In the records below, print each line exactly and leave every image out.

*** Material supplied Section Begins ***

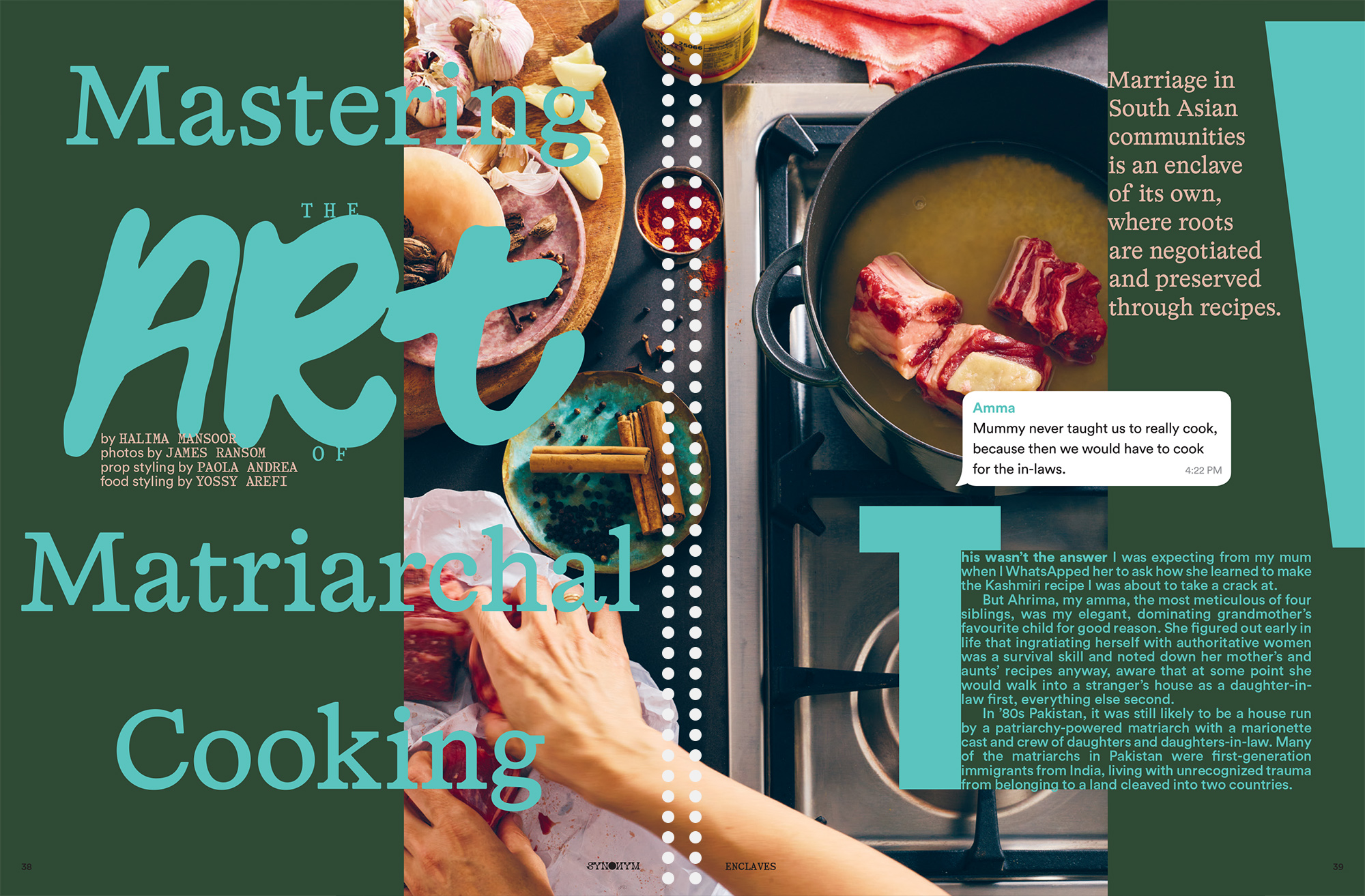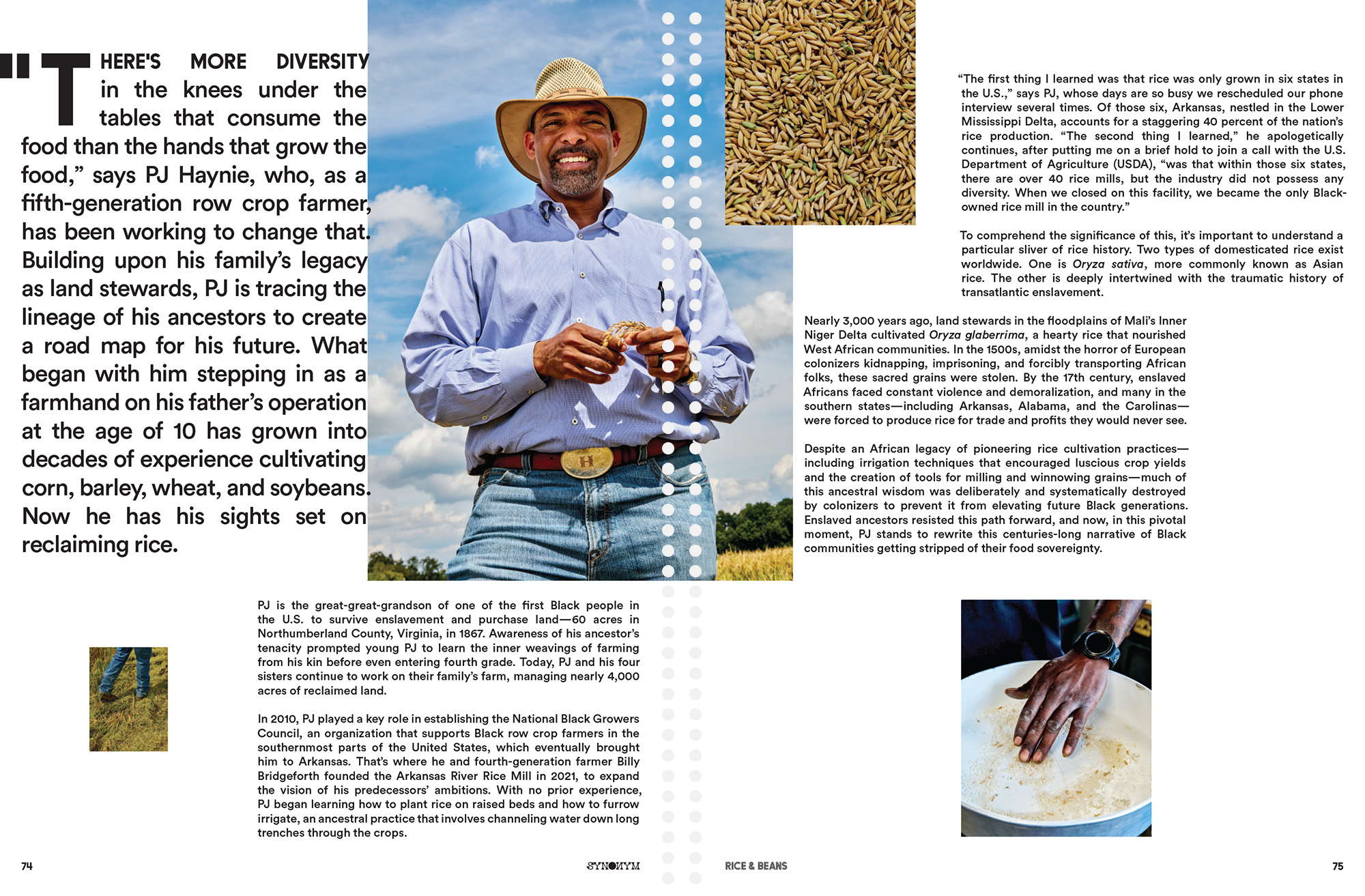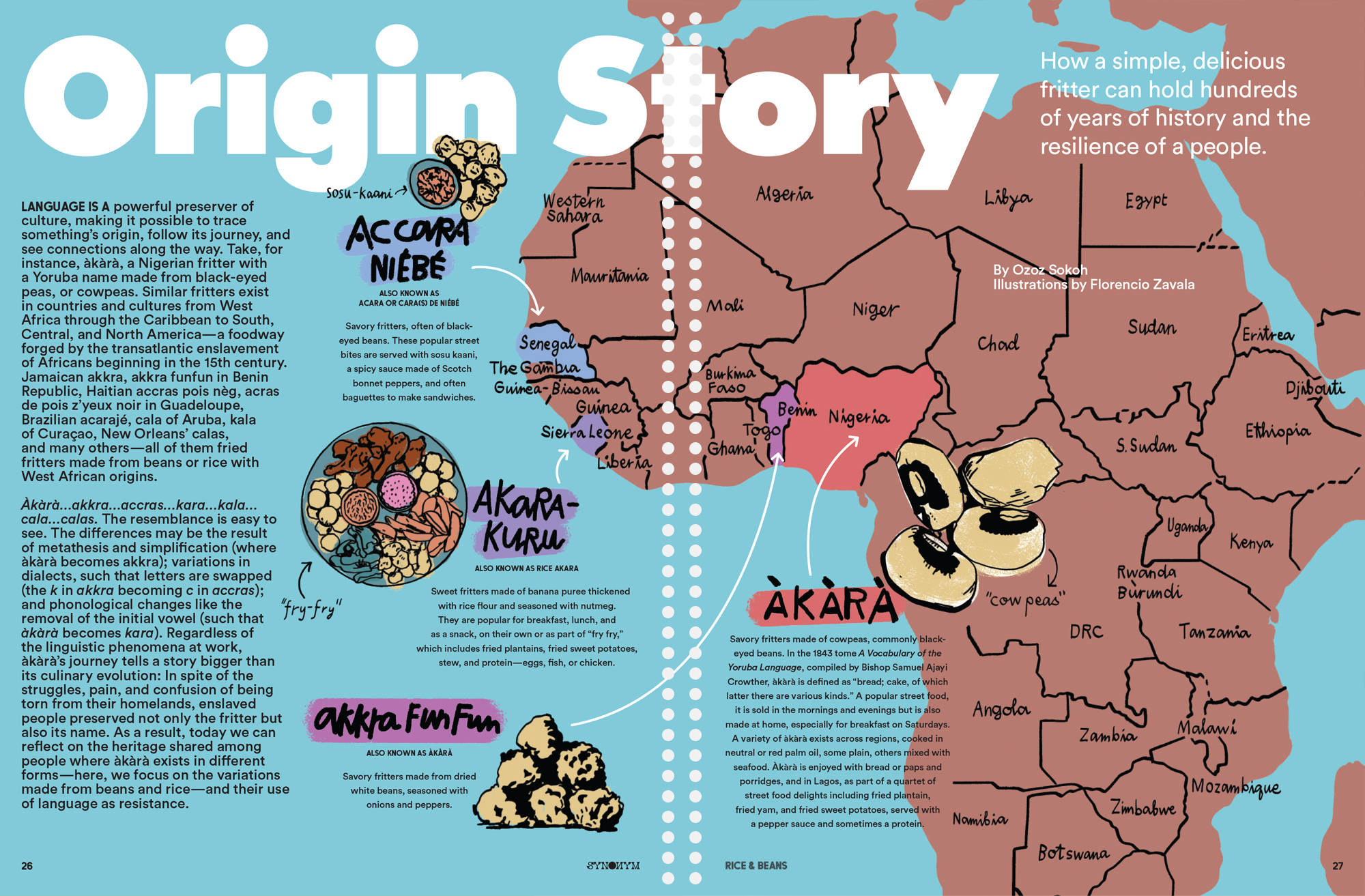 Each issue is based around a theme — pantry, rice & beans, spices, and enclaves so far — so we started assigning a color and implementing a new typeface each time, allowing the design language to grow and evolve while still retaining its overall structure. As opposed to a traditional front and back of book format, recurring stories are sprinkled throughout each issue, breaking up the longer form features when needed. All of the elements are very intentionally gathered — from the writers, the photographers, and the contributing artists — to be a part of and nurture a growing sense of community and connection with each other as these stories are shared.
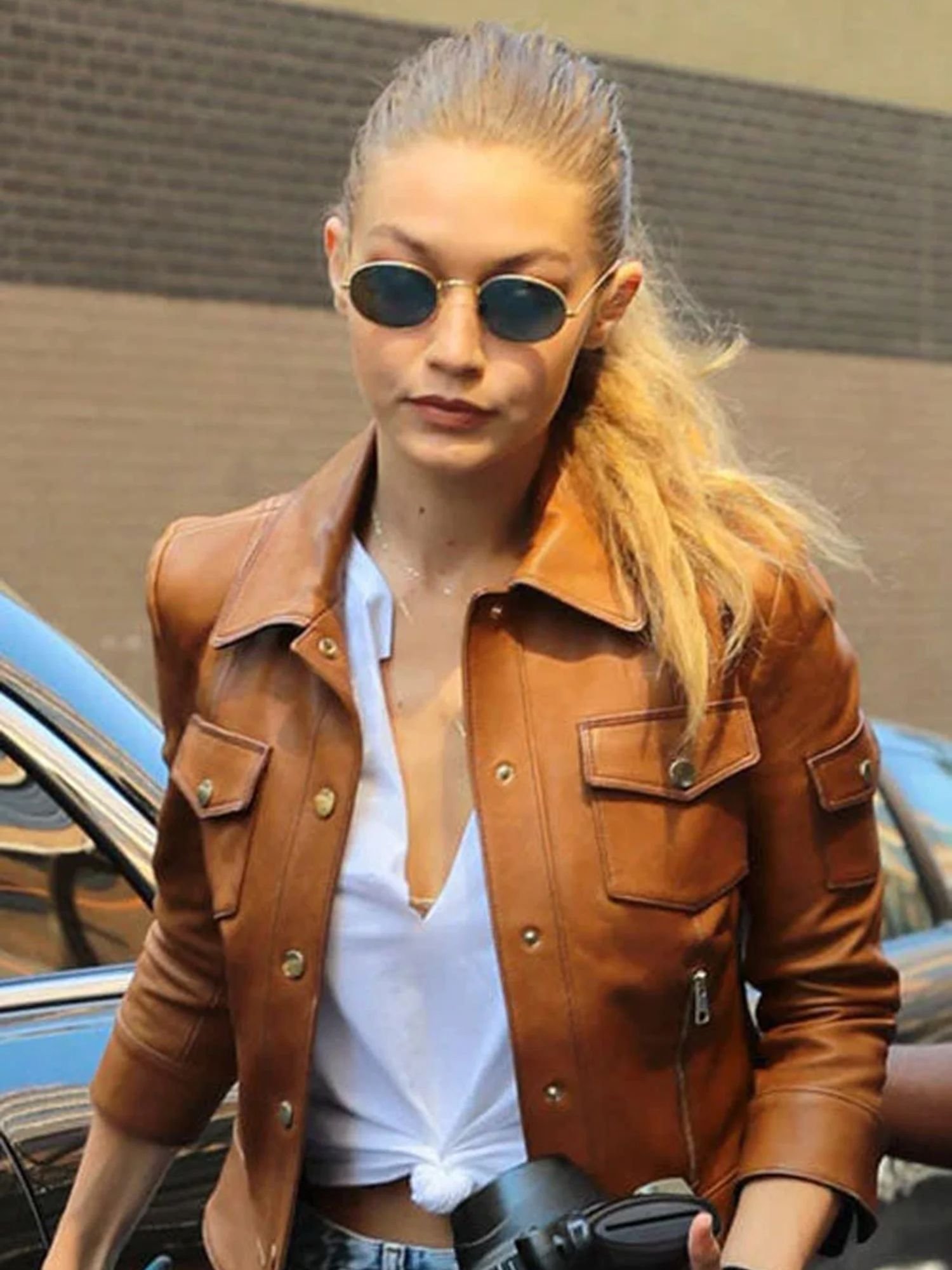 The evening light filters through the high-rises of Tribeca, casting a golden glow over a look that is as calculated as it is effortless. She isn’t just wearing a jacket; she is defining a silhouette. Inspired by the sharp, architectural, and perpetually trend-setting “off-duty” style of Gigi Hadid, this Brown Slim-Fit Leather Jacket is a masterclass in modern minimalism. While others chase fleeting fast-fashion, Gigi’s personal wardrobe anchors itself in the classics elevating the everyday with high-end textures and a tailored precision that commands the sidewalk. This piece is for the woman who finds power in a clean line and a rich, earthy palette.
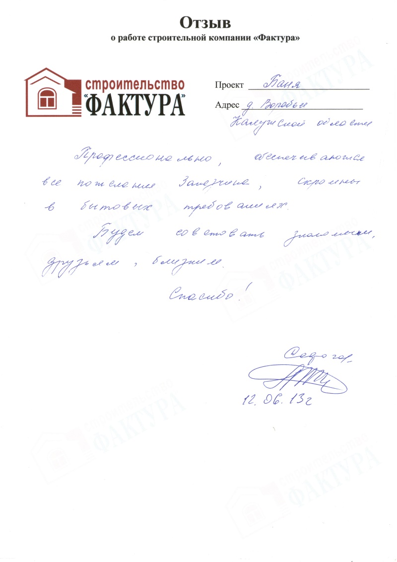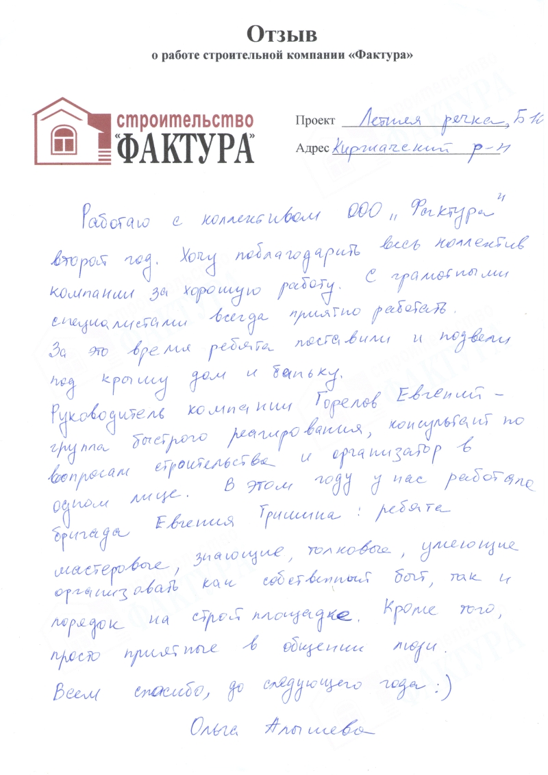 Работаю с коллективом ООО «Фактура» второй год. Хочу поблагодарить весь коллектив компании за хорошую работу. С грамотными специалистами всегда приятно работать.
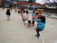 冬の寒さも チュウリップ組の雪だるまの可愛さで、
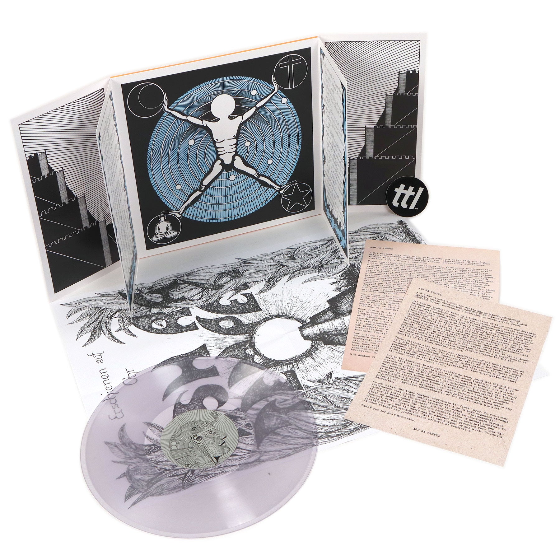 "Transparent vinyl version. First-ever official reissue on vinyl since 1975. Ash Ra Tempel is the eponymous debut studio album by the Krautrock band Ash Ra Tempel. It features guitarist Manuel Göttsching with drummer Klaus Schulze and bassist Hartmut Enke. Engineered by Conny Plank, it was recorded in March and June 1971 on Ohr Records. This 50th Anniversary Album will be released in memoriam of all the musical contributors to this release and on Manuel Göttsching's MG.ART label. 50th Anniversary RE-Edition, Re-Cut carefully overseen by Manuel Göttsching. 350 gram Quadro Fold Out Sleeve that exactly replicates complex/original OHR die-cut jacket, A2 Poster, 2x (German and English) A4 Inlay with Original Bio Sheet written by Manuel Göttsching (1970). Pressed at Optimal, Germany." - MG.ART
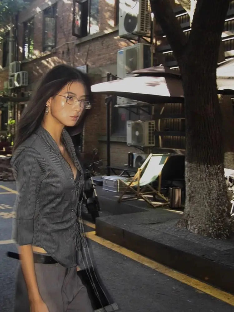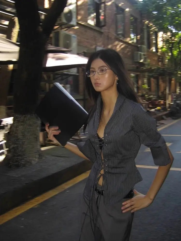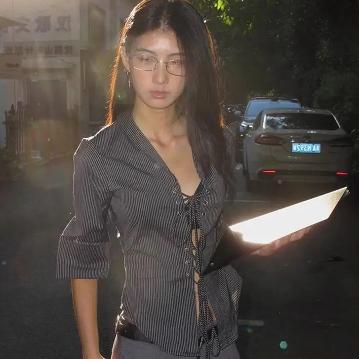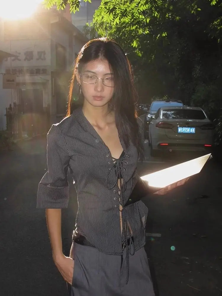 Striped Half Sleeve Lace Up Shirt
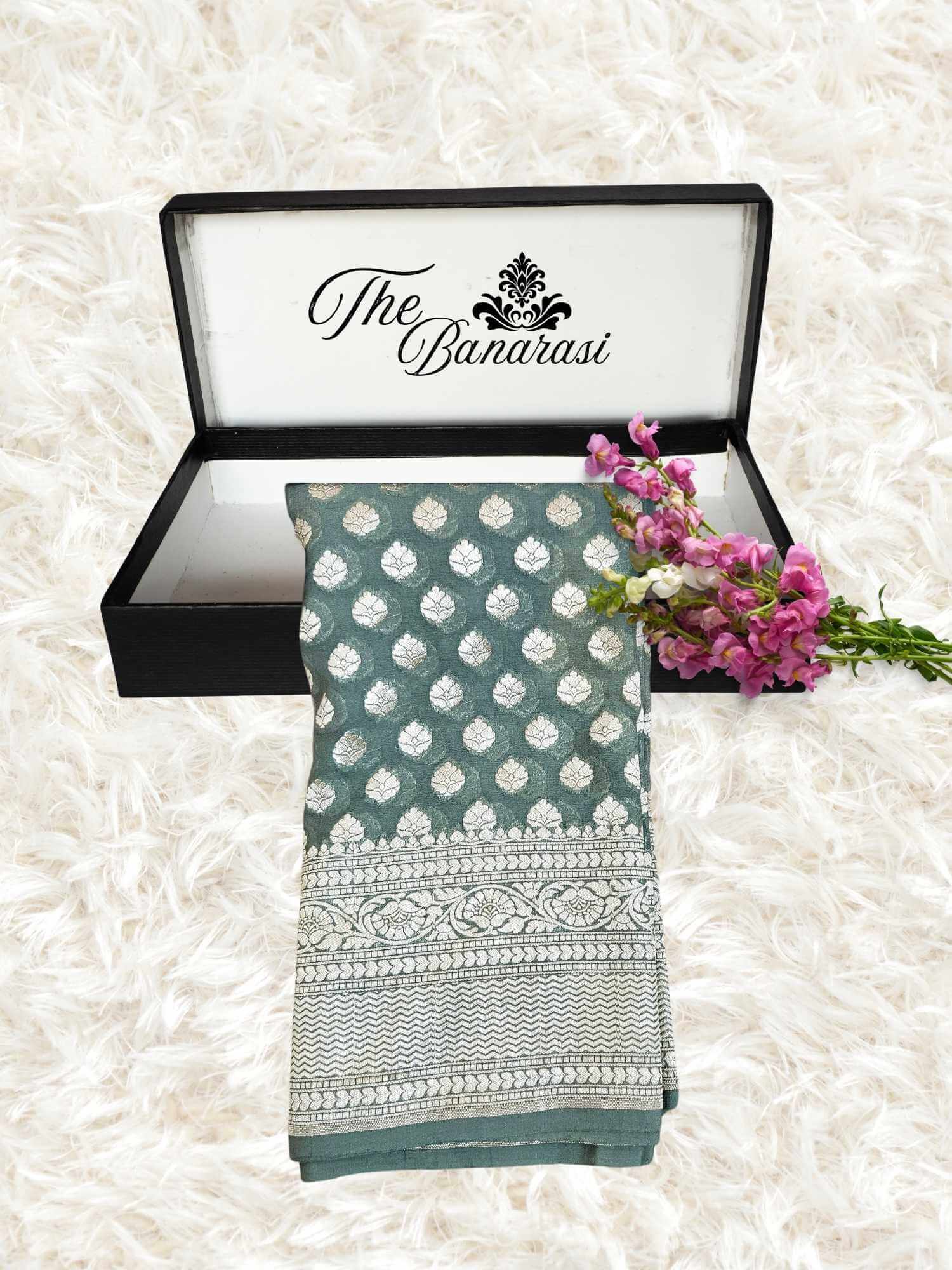 Hunter Green Khaddi Georgette Water Zari Banarasi Handloom Saree

*** Material supplied Section Ends ***

_Solution below:_
 Each issue is based around a theme — pantry, rice & beans, spices, and enclaves so far — so we started assigning a color and implementing a new typeface each time, allowing the design language to grow and evolve while still retaining its overall structure. As opposed to a traditional front and back of book format, recurring stories are sprinkled throughout each issue, breaking up the longer form features when needed. All of the elements are very intentionally gathered — from the writers, the photographers, and the contributing artists — to be a part of and nurture a growing sense of community and connection with each other as these stories are shared.
 The evening light filters through the high-rises of Tribeca, casting a golden glow over a look that is as calculated as it is effortless. She isn’t just wearing a jacket; she is defining a silhouette. Inspired by the sharp, architectural, and perpetually trend-setting “off-duty” style of Gigi Hadid, this Brown Slim-Fit Leather Jacket is a masterclass in modern minimalism. While others chase fleeting fast-fashion, Gigi’s personal wardrobe anchors itself in the classics elevating the everyday with high-end textures and a tailored precision that commands the sidewalk. This piece is for the woman who finds power in a clean line and a rich, earthy palette.
 Работаю с коллективом ООО «Фактура» второй год. Хочу поблагодарить весь коллектив компании за хорошую работу. С грамотными специалистами всегда приятно работать.
 冬の寒さも チュウリップ組の雪だるまの可愛さで、
 "Transparent vinyl version. First-ever official reissue on vinyl since 1975. Ash Ra Tempel is the eponymous debut studio album by the Krautrock band Ash Ra Tempel. It features guitarist Manuel Göttsching with drummer Klaus Schulze and bassist Hartmut Enke. Engineered by Conny Plank, it was recorded in March and June 1971 on Ohr Records. This 50th Anniversary Album will be released in memoriam of all the musical contributors to this release and on Manuel Göttsching's MG.ART label. 50th Anniversary RE-Edition, Re-Cut carefully overseen by Manuel Göttsching. 350 gram Quadro Fold Out Sleeve that exactly replicates complex/original OHR die-cut jacket, A2 Poster, 2x (German and English) A4 Inlay with Original Bio Sheet written by Manuel Göttsching (1970). Pressed at Optimal, Germany." - MG.ART
 Striped Half Sleeve Lace Up Shirt
 Hunter Green Khaddi Georgette Water Zari Banarasi Handloom Saree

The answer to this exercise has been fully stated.